石川 輪島 孤立状態から避難した後 初めて区長が地元集落に

能登半島地震で一時、孤立していた石川県輪島市の山あいの集落に、4日、市外で避難生活を続けている区長が初めて戻り、復旧に向けた準備を進めています。

輪島市上山町は地震で集落に通じる道路が寸断され、電気や通信も途絶えて、40人ほどが一時、孤立しました。

区長の住吉一好さんはおよそ2週間、孤立した集落で過ごしましたが、先月17日に救助に来たヘリコプターで集落を離れ、現在は白山市の体育館で、ほかの住民とともに避難生活を続けています。

住吉さんは4日、別の場所に住んでいる息子らとともに、知人から借りた車で、避難後初めて、集落に向かいました。

途中、住吉さんは「集落を離れて2週間がたち、雨漏りや小動物が入っていないか心配です。避難所でも皆さん自宅を心配しているので、できるかぎり集落全体の様子も確認したいです」と話していました。

NHKも途中まで同行しましたが、集落の手前で道路は通行止めになっていて、住民に限って通行が許可されていました。

午後、集落から出てきた息子の幸生さんによりますと、その先の道路には警察官がいて住民かどうか確認していたほか、土砂崩れのおそれがある道路もあり、いつもの倍近く時間がかかったということです。

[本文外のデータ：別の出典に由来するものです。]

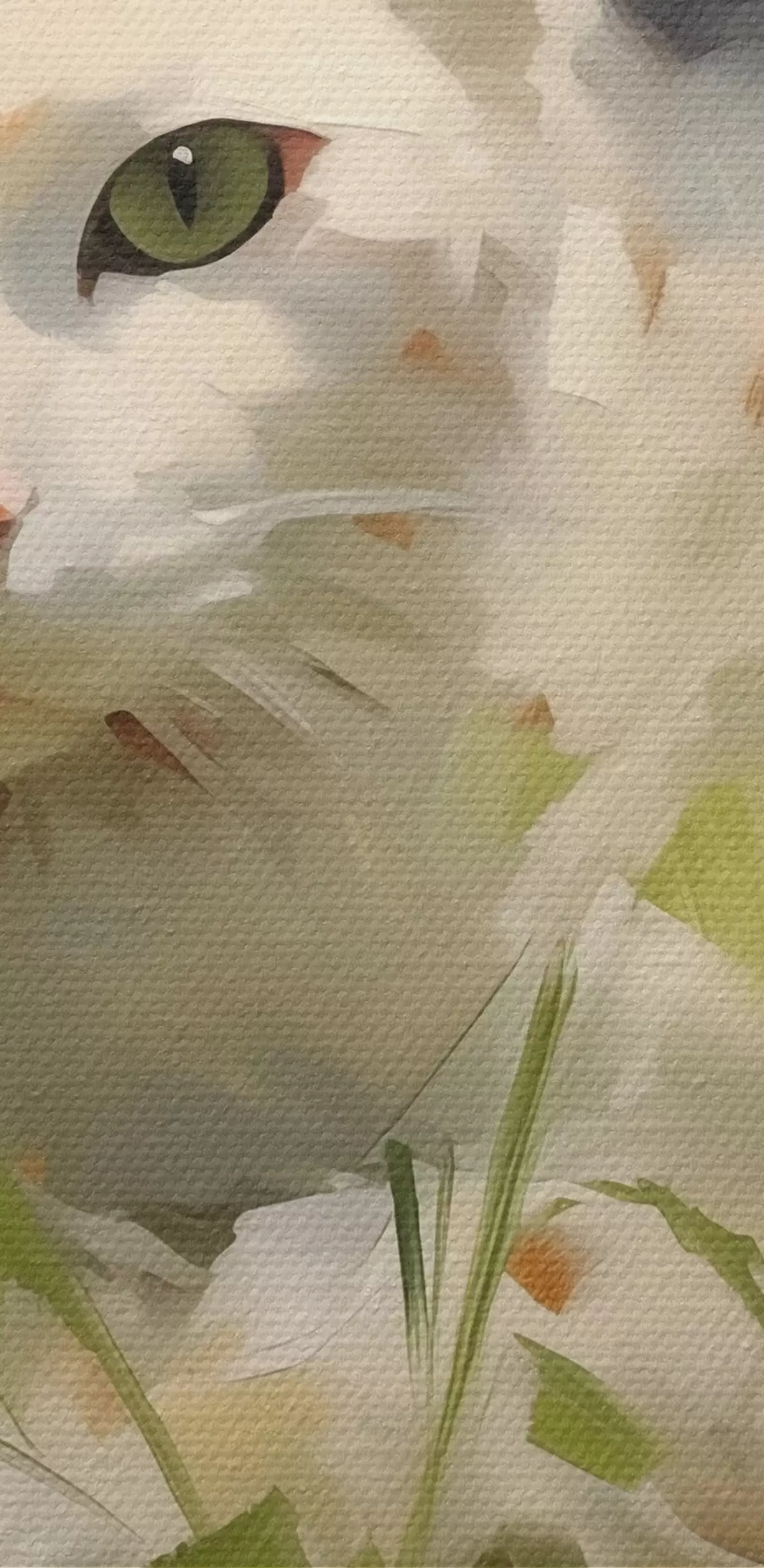 Kép Fehér macska fekszik a fűben, ecsetvonások utánzata Nr r41017

集落に入ると警察官がパトロールにあたっていて、住吉さんのほかにも近所の人が自宅に置いたままになっていた車を取りに来ていたということです。

住吉さんの自宅は大きく傾き、修理しないと住めない状態で、4日は納屋の屋根を確認したり、冷蔵庫に残って傷んだ食材を片づけたりしたということです。

電気や通信は依然として途絶えています。

区長の住吉さんは4日は集落に泊まり、被害状況の確認や復旧作業の準備を進めるということです。

息子の幸生さんは「今の状況では片づけに行くのも大変で、何も助けてあげられません。父は区長の立場もありますが、無理はしないでほしいです」と話していました。